I opened up the first of the 3 bottles with my family at our Friday night meal.  It was showing BIG/STRONG oak characteristics, with almost over-powering cloves.  Not everyone at the table picked up on it, but it was unmistakable to me.  The mouth feel of the wine and the underlying fruit were both very nice, but this wine was dominated by its toasty clove aromas.

I then opened up the 2nd bottle on Monday night while dining with the special lady at a fancy Jerusalem restaurant.  This bottle was the same vintage, same winery, same wine…and I believe SAME CASE.  Yet it was COMPLETELY different from the first bottle.  This time the wine had a similar mouth feel yet the dominant clove aromas were GONE.  Beautifully integrated oak and fruit, with the fruit shining through. 

SO, getting back to the title, there is something in wine known as “vintage variation”.  This happens as hand crafted wines will vary from vintage to vintage.  Different weather patterns, longer/shorter growing seasons, more/less rain/sun, etc… – all these factors lead to differences in vintages and wines from different vintages that are remarkably different from one another.
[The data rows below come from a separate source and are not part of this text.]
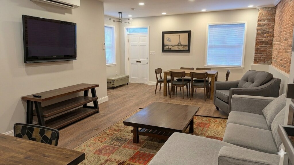 ! This is a shared environment ! Large room, full of light and windows, with en-suite private bath. Fully furnished main floor, including large screen TV and much more! Be the first to enjoy this thoroughly renovated SHARED 4 bedrooms town home in the quiet and safe Ridgley's Delight neighborhood. This home offers a large common area with high-end kitchen appliances, island, big living room and a large basement with washer and dryer and ample storage space. The home is an end-unit, with many windows and plenty of sun light. EVERYTHING is new - plumbing, electric, AC, Appliances, showers and vanities - everything! There are 2 bedrooms on each floor, and every bedroom has a private in-suite bathroom that includes a shower, vanity and a toilet. The rooms are large, well-lit and offer maximum privacy. Each room has a separate AC control heat and cooling system for ultimate comfort. Free high speed WiFi, tenant pays electric and water bills. Minutes walk to UMBC, the UMBC Hospital UMMC and the stadiums. This home is direct neighbor of the Babe Ruth Museum.
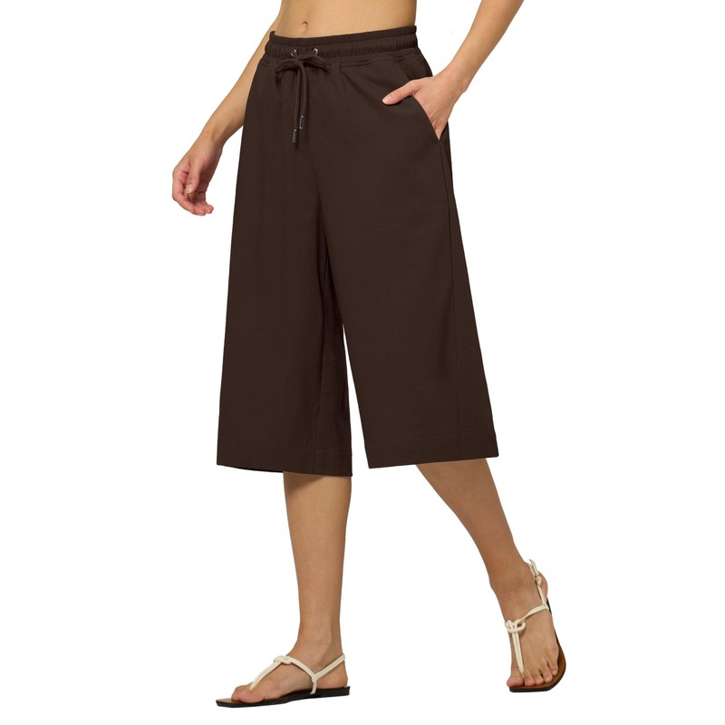 Willit Women's Linen Capri Pants Wide Leg Dress Casual Summer Pleated Capri High Waisted with Pockets 16" Dark Brown X-Large
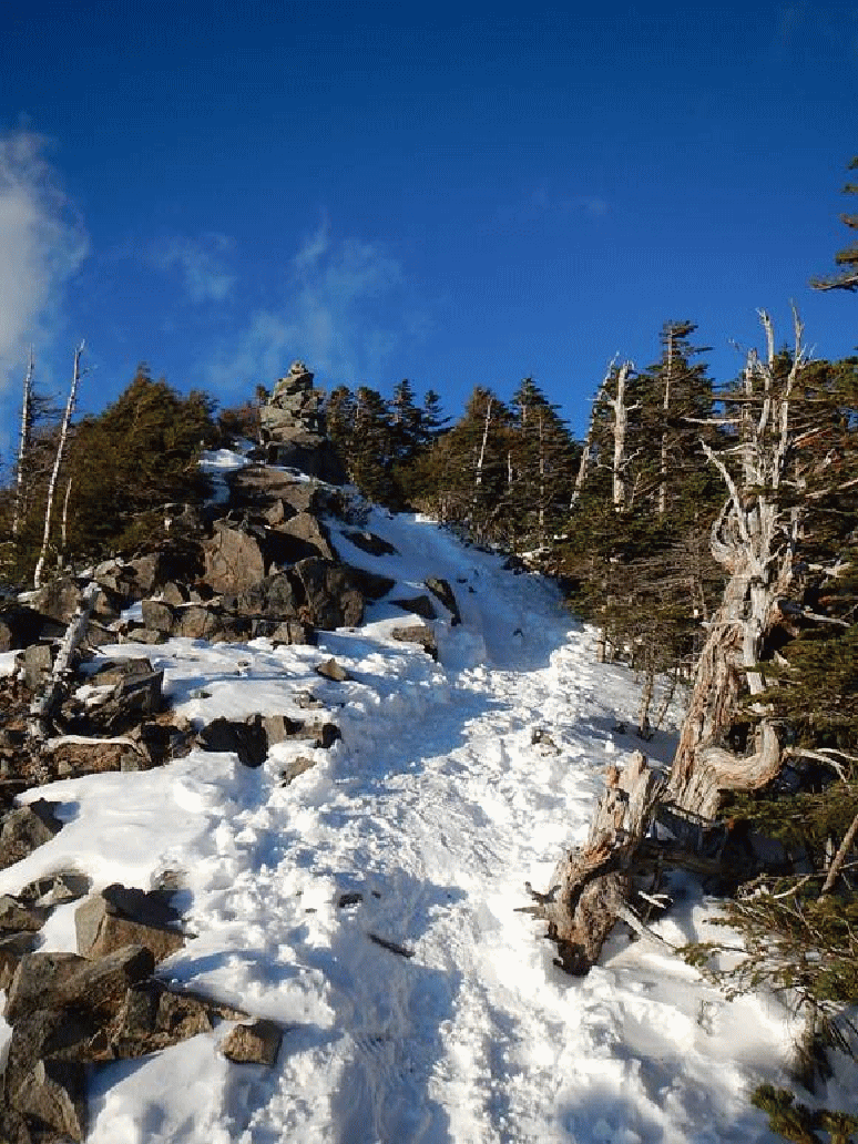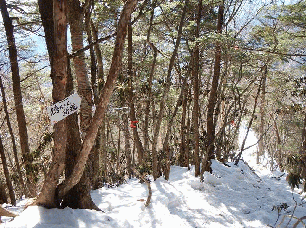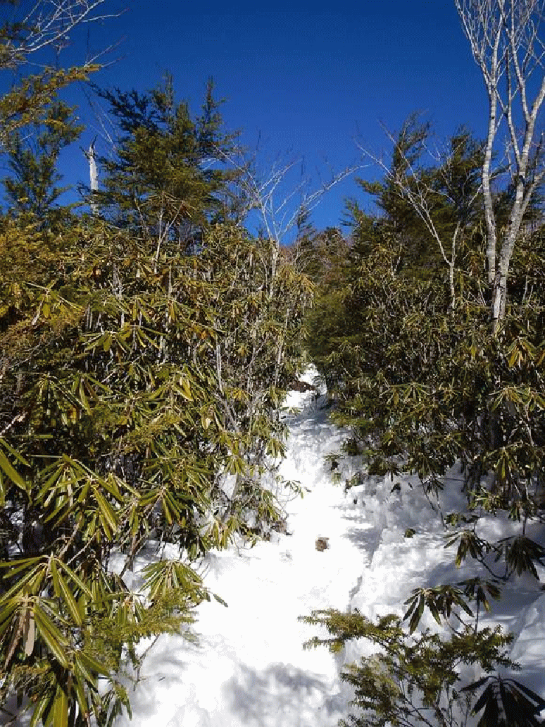 最初から雪道で、すぐに急登となる。唐松林を抜け顕著な尾根道となったところで、アイゼンを付ける。新潟では見られないシャクナゲの大木のトンネルの中を行く。やっと傾斜が緩んだところが、近丸新道の分岐だった。下ってくる登山者は多いが、登りは私たちだけ。
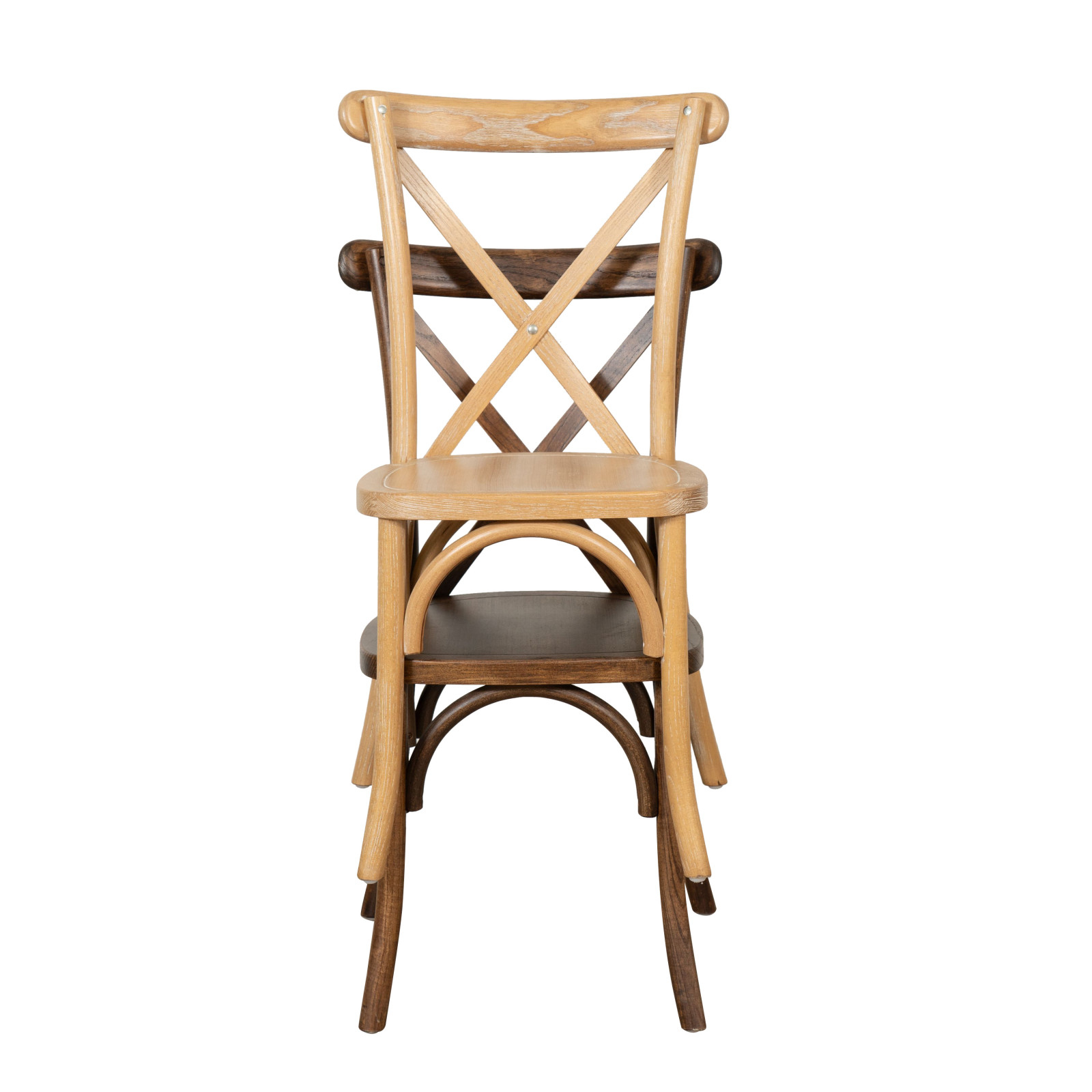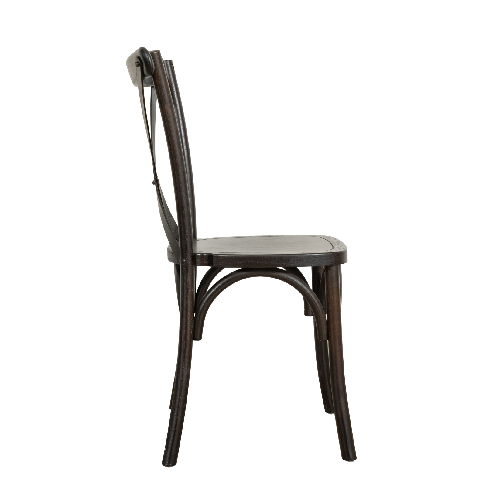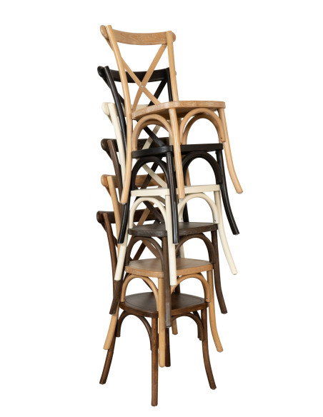 Chaise Thonet Cross en chêne massif, assise en bois, finition marron, empilable

But to happen to the SAME wine from the SAME vintage and the SAME case?

I suppose this could happen in a tiny winery where the wines were aged in different barrels and then bottled without being re-blended???  But I would imagine that most wineries, even small one, will mix all the barrels together in a tank of sorts before bottling.  So how/why could something like this happen?  Have you ever experienced anything like this before???

Happy same wine different flavor wine tasting!

WTG

Katlav Winery

April 14th, 2009

I apologize for my extended absence, but I’M IN ISRAEL!!!!  I’ve been here for about a week and making time to post is (sadly) not on the top of my priority list.

Yesterday I traveled with some friends and the special lady through the Jerusalem Hills.  We did a couple of short & beautifully scenic hikes, and ended the day at a winery.  Katlav winery, located in Nes Harim within the Judean Hills was started by Yossi Yittach.  Unfortunately Yossi was not available, but we were treated to a tour & tasting by his trusty assistant Aviel.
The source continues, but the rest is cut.